# Task requirements:
Every entry below should be reproduced exactly; no picture is to be included.

[Collection entries]

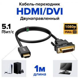 Двунаправленный кабель переходник HDMI > DVI, HDMI < DVI
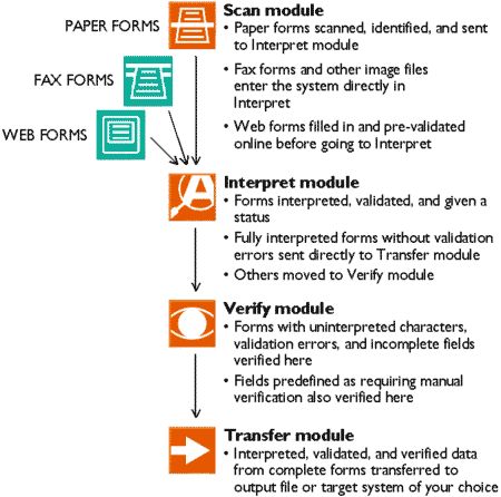 In theScan module, filled-in paper forms are entered into the system using a scanner. Fax forms (or other image files) and filled-in web forms enter the system when theInterpret moduleis started. In the Interpret module, FORMS 5 interprets, validates, and stores the forms in the computer. Uninterpretable characters and responses that break preset validation rules are displayed on the screen in theVerify modulefor quick correction. When the forms are complete, theTransfer modulemoves the captured and verified data to the output file or target system of your choice. The optionalMonitor moduleprovides enhanced system supervision by offering reports of system activity, as well as real-time monitoring of the FORMS 5 system and its users. FORMS 5's scalability allows you to process current volumes and then simply add modules to the system as your forms processing needs increase. You can also integrate Eyes & Hands FORMS 5 with other computer systems, such as electronic archiving and workflow systems. FORMS 5 is incredibly open and flexible, offering you many ways to customize the system to your needs.
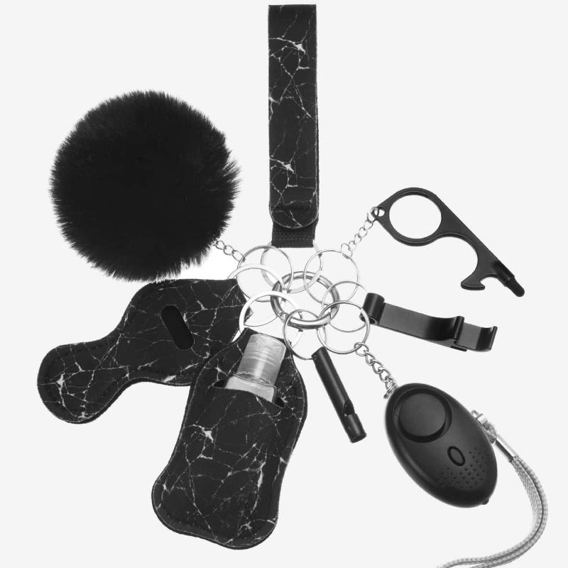 9-teiliges Rosa Persönliches Set & Zubehörset inklusive Alarm-Schlüsselanhänger Taschenaufhänger Flauschiger Ball Schlüsselanhänger Handschlaufe Schlüsselanhänger Taschenzubehör Zubehör
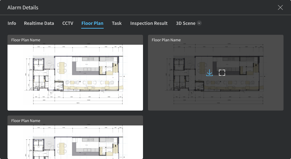 Displays the location of the alarming device on the floor plan, click the button to download or enlarge the floor plan.
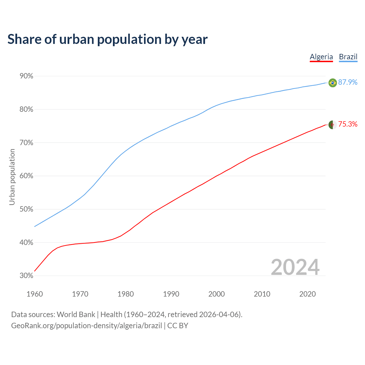 From 2004 to 2024, the share of urban population changed from 62.9% to 75.3% in Algeria and from 82.7% to 87.9% in Brazil.
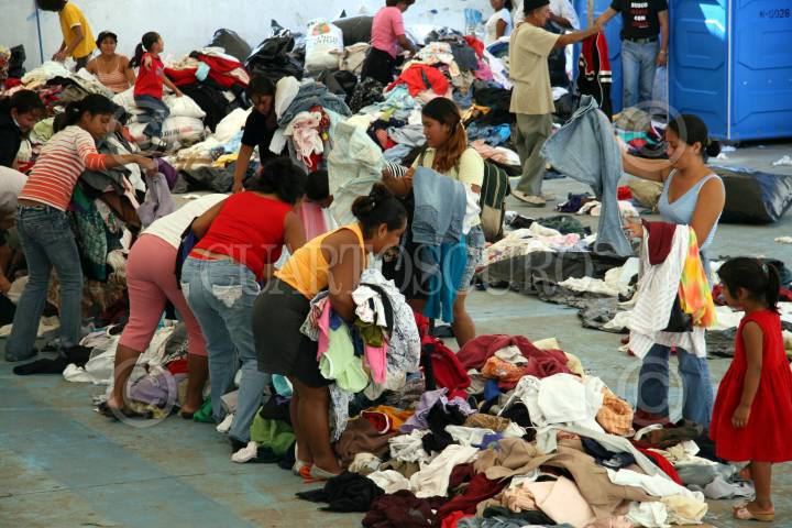 VILLAHERMOSA, TABASCO, 20DICIEMBRE2007.- Cientos de pobladores tabasqueños que son damnificados acuden a los diferentes centros de acopio en donde realizan largas colas para esperar su turno y así poder escoger mudas de ropa que fueron donadas voluntariamente. FOTO: MARCO POLO GUZMÁN HERNÁNDEZ/CUARTOSCURO.COM
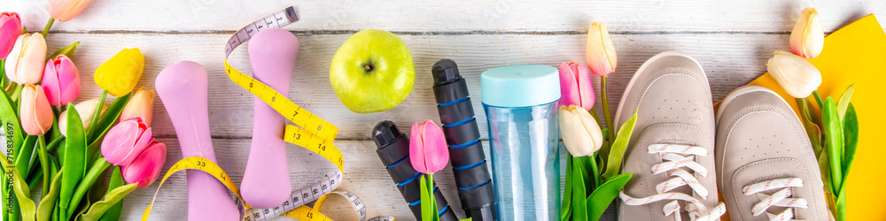 Spring sport fitness background. Outdoors springtime workouts concept. Running sneakers, dumbbell, jump rope, water bottle, tape measure, spring tulip flower, wooden background top view copy space
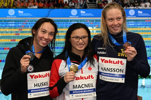 Maggie Mac Neil of Canada, centr,e Torri Huske of the U.S., left, and Louise Hansson of Sweden display their medals after the women's 100m butterfly final during the world swimming short course championships in Melbourne, Australia, on Dec. 18.Asanka Brendon Ratnayake/The Associated Press
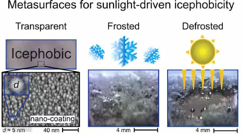 在生活和生产中的很多场合,如挡风玻璃、汽车、航空、可再生能源发电和基础设施等,玻璃表面在低温下的积冰是一个困扰人们多年的难题,很有可能带来安全隐患或者降低设备的使用性能;而通过简单的电加热、化学制剂或机械清除等方法抑制或除去积冰,则会有高能耗、高成本、破坏性和环境不相容性等问题。最近,来自苏黎世联邦理工学院的科学家利用等离子体超表面材料(plasmonic metasurface)在增强光吸收方面的优势,提出采用超薄的“金属-介电”混合涂层作为被动除冰和防冰的可行方案,其唯一的热源是可再生的太阳能,可广泛应用于需要较高透明度的场合。该涂层是由电介质(二氧化钛)中的金纳米粒子包裹体组成,可在极小的纳米尺度上实现太阳能的宽带吸,并通过合理的纳米涂层工程设计,实现了介质透明度和光吸收的平衡。研究表明,这一涂层设计使其温度增加了 10°C以上,能够在结冰形成初期延迟冻结、降低冰粘附性,从而抑制了霜冻的形成(防冰)。通过精心设计等离子体超表面的结构,能够达到透明度和光吸收的平衡,实现了环境兼容、太阳能驱动的除冰和结冰抑制。相关成果发表在近期的《ACS Nano》上。
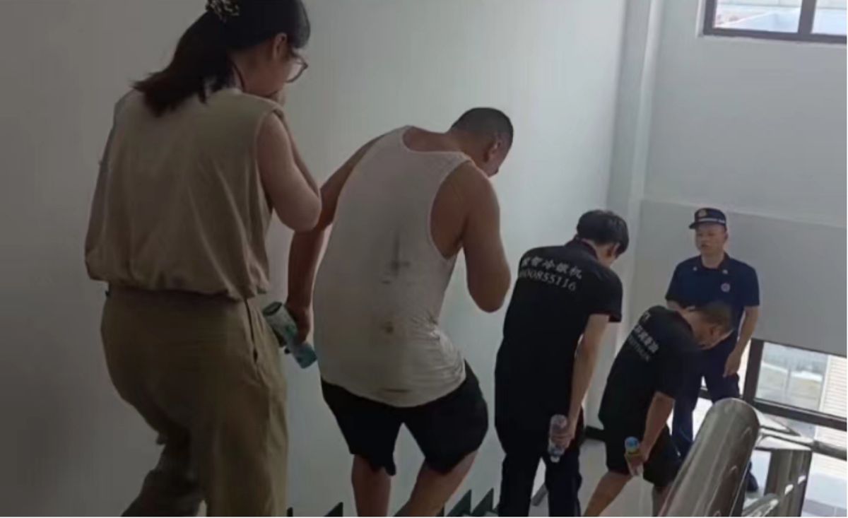 撤离演练准备工作做好后,随着消防警报声响起,全体员工消防疏散演练开始,何队进行指导,各部分负责人随后也在楼道就位,参加演练人员按照顺序排好队,全体员工用手帕或衣袖等捂着口鼻,猫着腰,靠墙有序地按指定路线“逃生”,负责人带着员工们有序地疏散到指定安全区域。整个撤离演练历时两分零七秒,做到了快速、安全、有序。
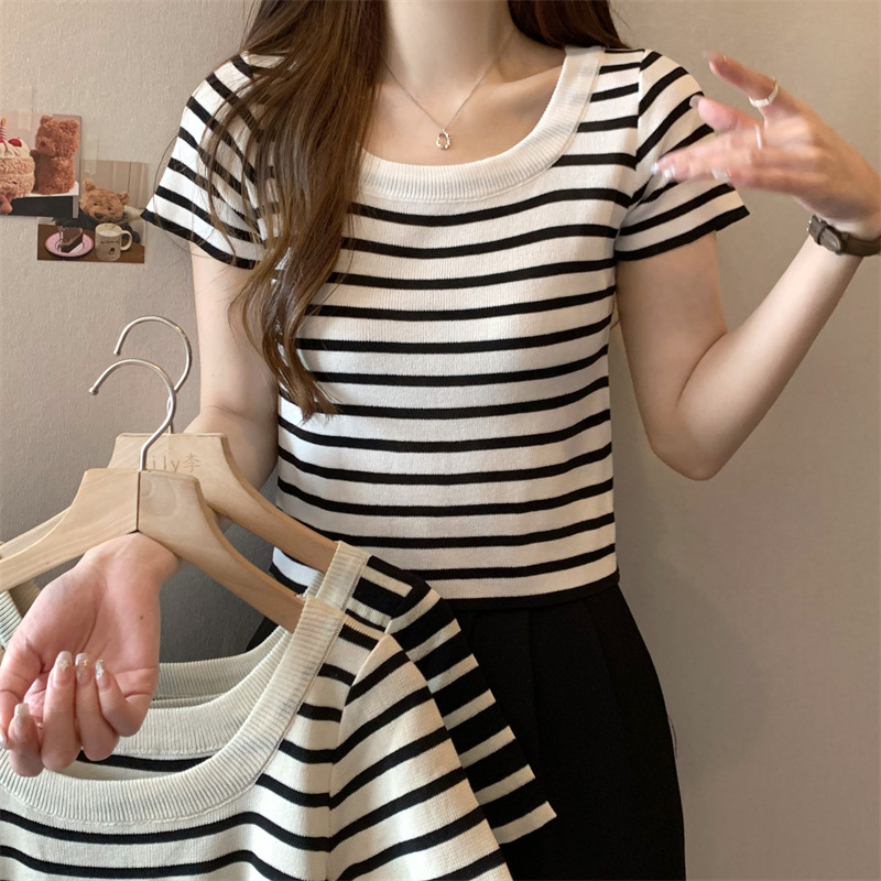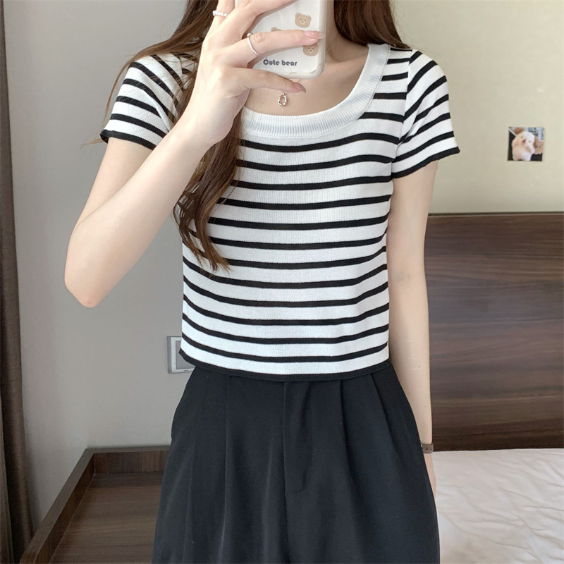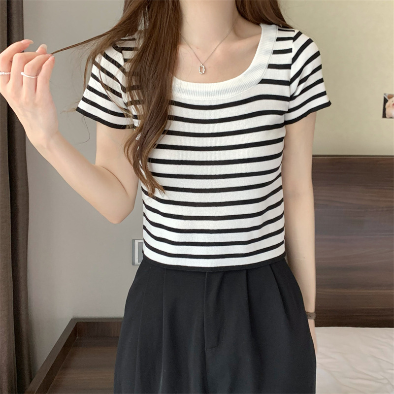 프랑스 대형 U-넥 블랙과 화이트 스트라이프 숄더 스퀘어 넥 반팔 티셔츠 여성용 2024 년 새 여름 틈새 쇼트 탑

# Exercise output:
 Двунаправленный кабель переходник HDMI > DVI, HDMI < DVI
 In theScan module, filled-in paper forms are entered into the system using a scanner. Fax forms (or other image files) and filled-in web forms enter the system when theInterpret moduleis started. In the Interpret module, FORMS 5 interprets, validates, and stores the forms in the computer. Uninterpretable characters and responses that break preset validation rules are displayed on the screen in theVerify modulefor quick correction. When the forms are complete, theTransfer modulemoves the captured and verified data to the output file or target system of your choice. The optionalMonitor moduleprovides enhanced system supervision by offering reports of system activity, as well as real-time monitoring of the FORMS 5 system and its users. FORMS 5's scalability allows you to process current volumes and then simply add modules to the system as your forms processing needs increase. You can also integrate Eyes & Hands FORMS 5 with other computer systems, such as electronic archiving and workflow systems. FORMS 5 is incredibly open and flexible, offering you many ways to customize the system to your needs.
 9-teiliges Rosa Persönliches Set & Zubehörset inklusive Alarm-Schlüsselanhänger Taschenaufhänger Flauschiger Ball Schlüsselanhänger Handschlaufe Schlüsselanhänger Taschenzubehör Zubehör
 Displays the location of the alarming device on the floor plan, click the button to download or enlarge the floor plan.
 From 2004 to 2024, the share of urban population changed from 62.9% to 75.3% in Algeria and from 82.7% to 87.9% in Brazil.
 VILLAHERMOSA, TABASCO, 20DICIEMBRE2007.- Cientos de pobladores tabasqueños que son damnificados acuden a los diferentes centros de acopio en donde realizan largas colas para esperar su turno y así poder escoger mudas de ropa que fueron donadas voluntariamente. FOTO: MARCO POLO GUZMÁN HERNÁNDEZ/CUARTOSCURO.COM
 Spring sport fitness background. Outdoors springtime workouts concept. Running sneakers, dumbbell, jump rope, water bottle, tape measure, spring tulip flower, wooden background top view copy space
 Maggie Mac Neil of Canada, centr,e Torri Huske of the U.S., left, and Louise Hansson of Sweden display their medals after the women's 100m butterfly final during the world swimming short course championships in Melbourne, Australia, on Dec. 18.Asanka Brendon Ratnayake/The Associated Press
 在生活和生产中的很多场合,如挡风玻璃、汽车、航空、可再生能源发电和基础设施等,玻璃表面在低温下的积冰是一个困扰人们多年的难题,很有可能带来安全隐患或者降低设备的使用性能;而通过简单的电加热、化学制剂或机械清除等方法抑制或除去积冰,则会有高能耗、高成本、破坏性和环境不相容性等问题。最近,来自苏黎世联邦理工学院的科学家利用等离子体超表面材料(plasmonic metasurface)在增强光吸收方面的优势,提出采用超薄的“金属-介电”混合涂层作为被动除冰和防冰的可行方案,其唯一的热源是可再生的太阳能,可广泛应用于需要较高透明度的场合。该涂层是由电介质(二氧化钛)中的金纳米粒子包裹体组成,可在极小的纳米尺度上实现太阳能的宽带吸,并通过合理的纳米涂层工程设计,实现了介质透明度和光吸收的平衡。研究表明,这一涂层设计使其温度增加了 10°C以上,能够在结冰形成初期延迟冻结、降低冰粘附性,从而抑制了霜冻的形成(防冰)。通过精心设计等离子体超表面的结构,能够达到透明度和光吸收的平衡,实现了环境兼容、太阳能驱动的除冰和结冰抑制。相关成果发表在近期的《ACS Nano》上。
 撤离演练准备工作做好后,随着消防警报声响起,全体员工消防疏散演练开始,何队进行指导,各部分负责人随后也在楼道就位,参加演练人员按照顺序排好队,全体员工用手帕或衣袖等捂着口鼻,猫着腰,靠墙有序地按指定路线“逃生”,负责人带着员工们有序地疏散到指定安全区域。整个撤离演练历时两分零七秒,做到了快速、安全、有序。
 프랑스 대형 U-넥 블랙과 화이트 스트라이프 숄더 스퀘어 넥 반팔 티셔츠 여성용 2024 년 새 여름 틈새 쇼트 탑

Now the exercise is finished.